On Thursday I run couple more calculations and setup a poster and had a poster session, it was two hours, and I think around 7 people (not counting other students and people from our group) stopped by and talked with me about it, so I was very happy. Being able to solve radial Schroedinger and especially Dirac equations robustly is something that several people in the lab would really need.

Today I talked little bit (finally) about some Green functions in QM and QFT with a postdoc in the Quantum Simulations group, that I always wanted to, but didn't have time before, then packed my things and went back to Reno.

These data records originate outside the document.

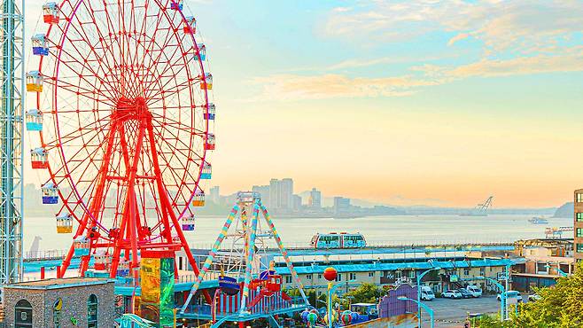 인천 월미도에는 지상 18m 높이에서 서해의 낭만을 오롯이 즐길 수 있는 특별한 열차가 있습니다.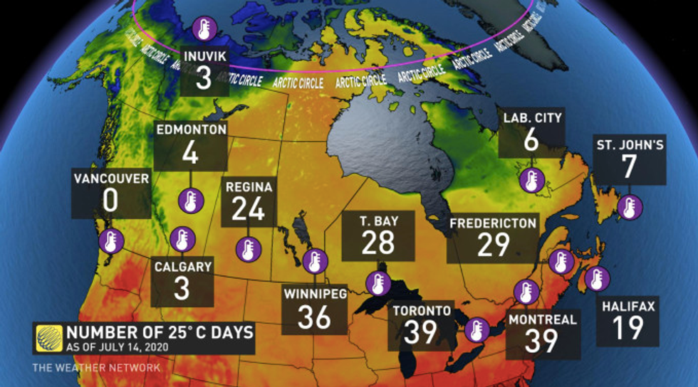 According to The Weather Network, Toronto is currently on track to record a whopping 20 days above 30 C this year.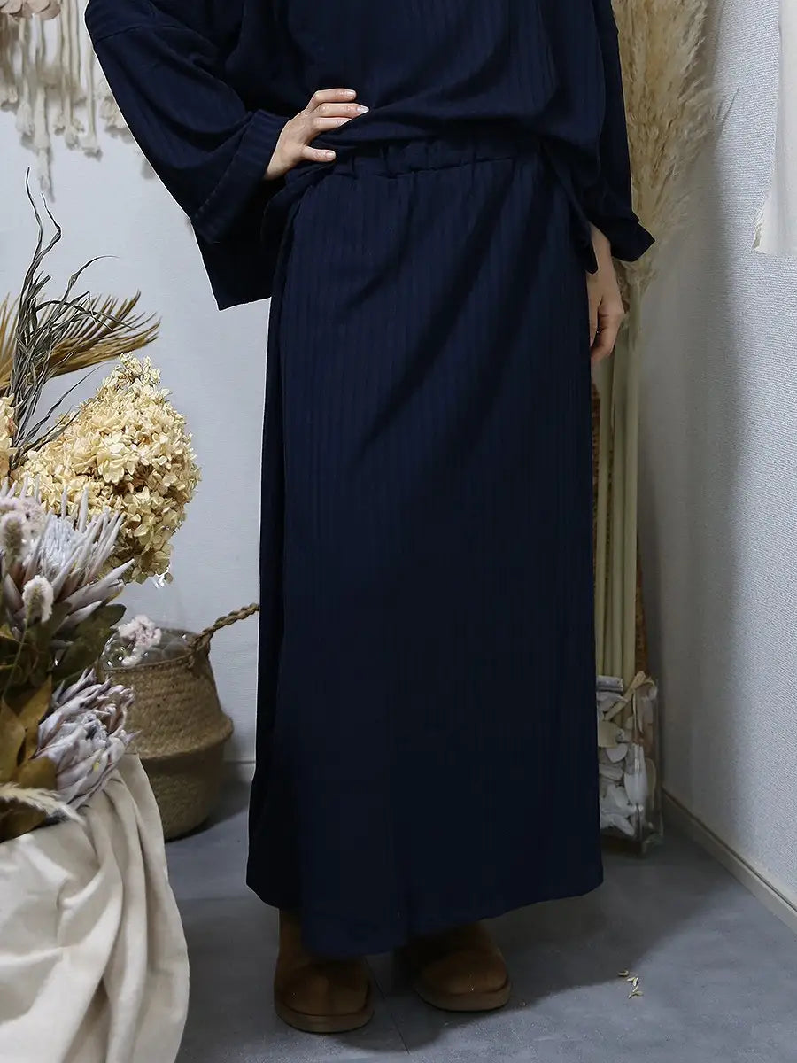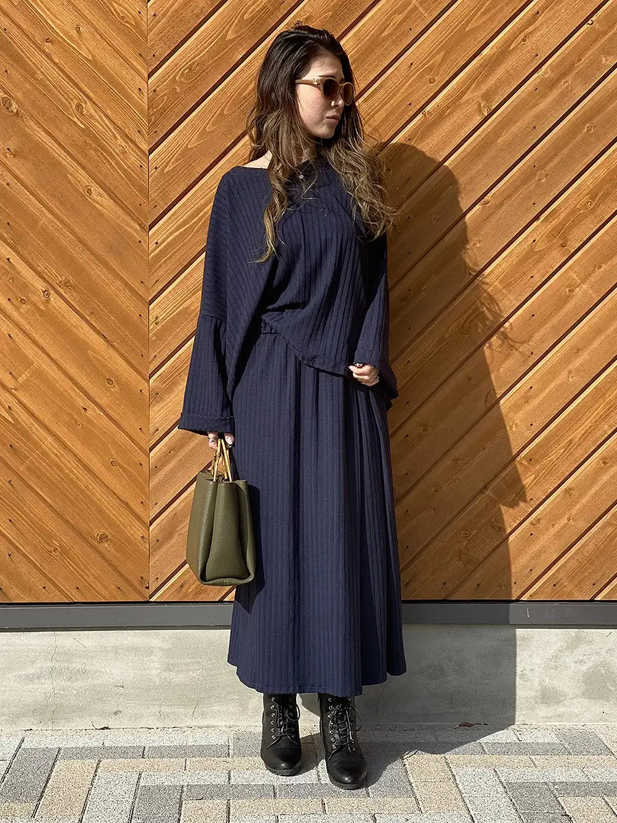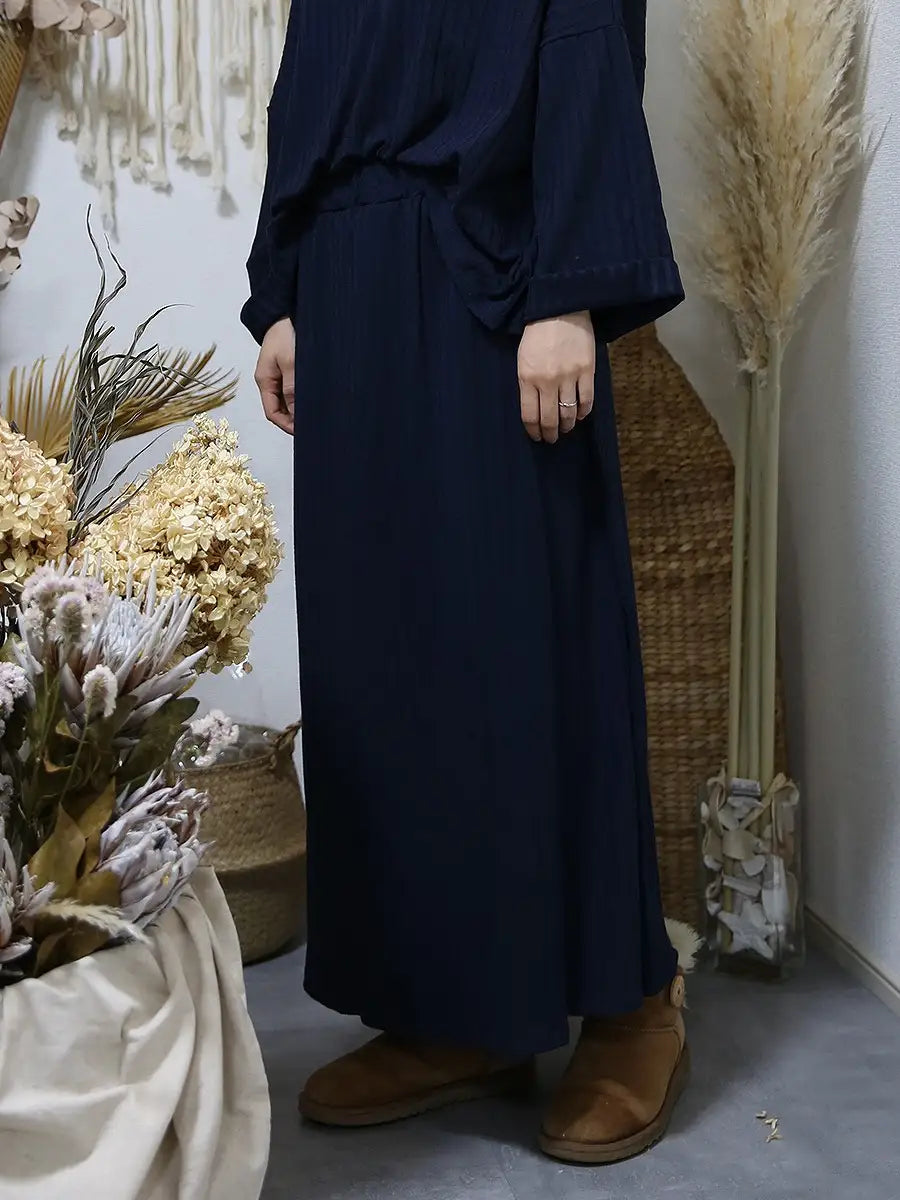 シンプルなリブニットマキシスカートはどんなコーディネートにも合わせやすくお洒落の幅が広がります。

My plan for the next week(s) is to wrap up what I did and put it into articles. I already have enough material for some articles, so it has to be done. In parallel, I'd like to finish the FE Dirac solver, the coding is done, but now I need to play with adaptivity and also investigate if we are getting the spurious states, that other people are getting when using b-splines.

Friday, August 6, 2010

Week Aug 2 - 6

This week I essentially only worked on my LLNL poster, which I finally finished about two hours ago. I have created a web page for it:

http://certik.github.com/ccms-10-poster/

where you can download pdf, sources, I also put there some relevant info and links.

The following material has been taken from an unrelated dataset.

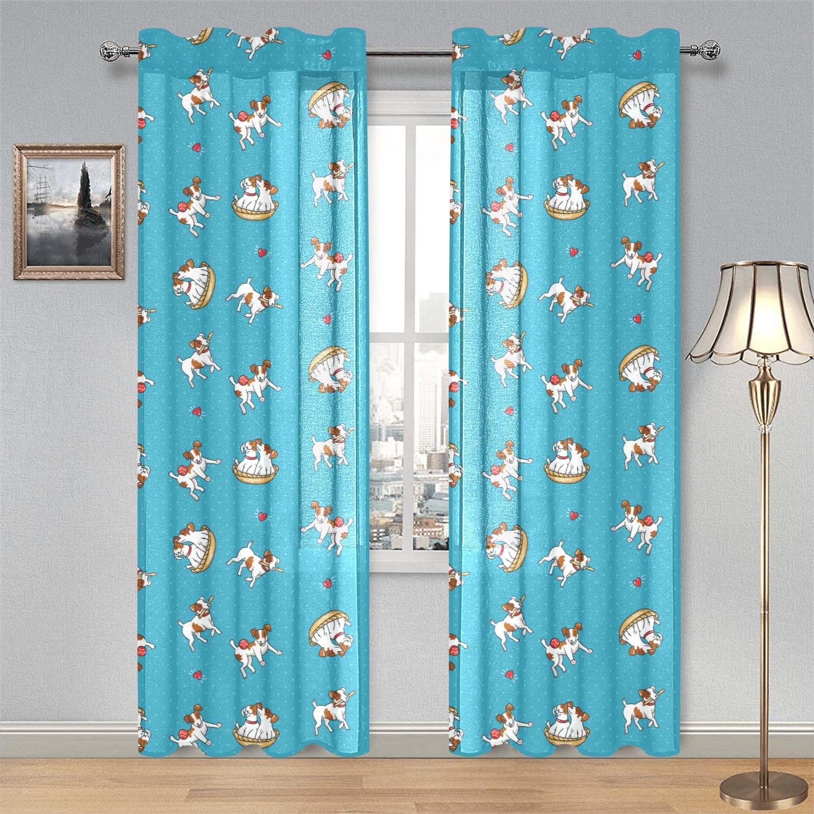 Jack Russel Pattern Print Design 03 Gauze Curtain

It turned out to be a lot more work than I expected (well, as usual), but we were very thorough with John and in the process I discovered several bugs in my program, so I am glad we did it. I used to generate all the plots by hand, by manually adjusting all the parameters in the Python script (like atomic number, mesh parameters, element orders, adaptivity parameters, error tolerance and so on). Essentially I had to remember all these parameters for each of the plots (about 10 of them). Then I settled to have a Python dictionary, that holds all the parameters, and then I just pass them to a radial_schroedinger_equation_adapt(params, error_tol=1e-8) function.

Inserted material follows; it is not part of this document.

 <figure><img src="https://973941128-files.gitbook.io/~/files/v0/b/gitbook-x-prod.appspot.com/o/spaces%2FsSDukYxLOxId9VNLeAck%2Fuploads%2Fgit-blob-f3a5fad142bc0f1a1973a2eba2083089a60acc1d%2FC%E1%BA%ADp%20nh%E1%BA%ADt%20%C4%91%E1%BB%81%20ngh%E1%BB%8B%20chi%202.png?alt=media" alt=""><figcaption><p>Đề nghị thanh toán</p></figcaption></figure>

Here are example of the parameters:

params_hydrogen_p_L = dict(l=0, Z=1, a=0, b=100, el_num=4, el_order=1,
eig_num=3, mesh_uniform=False, mesh_par1=20, adapt_type="p",
eqn_type="R")
params_hydrogen_p_U = dict(l=0, Z=1, a=0, b=100, el_num=4, el_order=2,
eig_num=3, mesh_uniform=True, adapt_type="p", eqn_type="R")
params_hydrogen_hp_U = dict(l=0, Z=1, a=0, b=100, el_num=4, el_order=2,
eig_num=3, mesh_uniform=True, adapt_type="hp", eqn_type="R")
params_hydrogen_h_U = dict(l=0, Z=1, a=0, b=100, el_num=4, el_order=6,
eig_num=3, mesh_uniform=True, adapt_type="romanowski",
eqn_type="rR")

params_silver_p_L = dict(l=0, Z=47, a=0, b=150, el_num=4, el_order=13,
eig_num=50, mesh_uniform=False, mesh_par1=35, adapt_type="p",
eqn_type="R")
params_silver_hp_L = dict(l=0, Z=47, a=0, b=150, el_num=4, el_order=13,
eig_num=50, mesh_uniform=False, mesh_par1=35, adapt_type="hp",
eqn_type="R")

I mean, this is kind of obvious if you think about it, but for some reason I didn't do that at all at the beginning, because I thought --- I'll just run this once and I am done with it. But I had to run it like 20x, e.g. regenerating he plots, then creating a table about meshes, then redoing the table after changing the error tolerance, and so on.

Besides that I also got permission to release my code, so I'll go over it in the coming days and generate nice patches against Hermes1D.

Also in the process of creating the poster, I played a lot with p-FEM, uniform-p-FEM, hp-FEM and h-FEM and I will keep playing with that. It's clear to me now, that our current Hermes1D is not optimal. Especially the convergence of hp-FEM and p-FEM (as it is implemented right now) greatly depends on the initial mesh.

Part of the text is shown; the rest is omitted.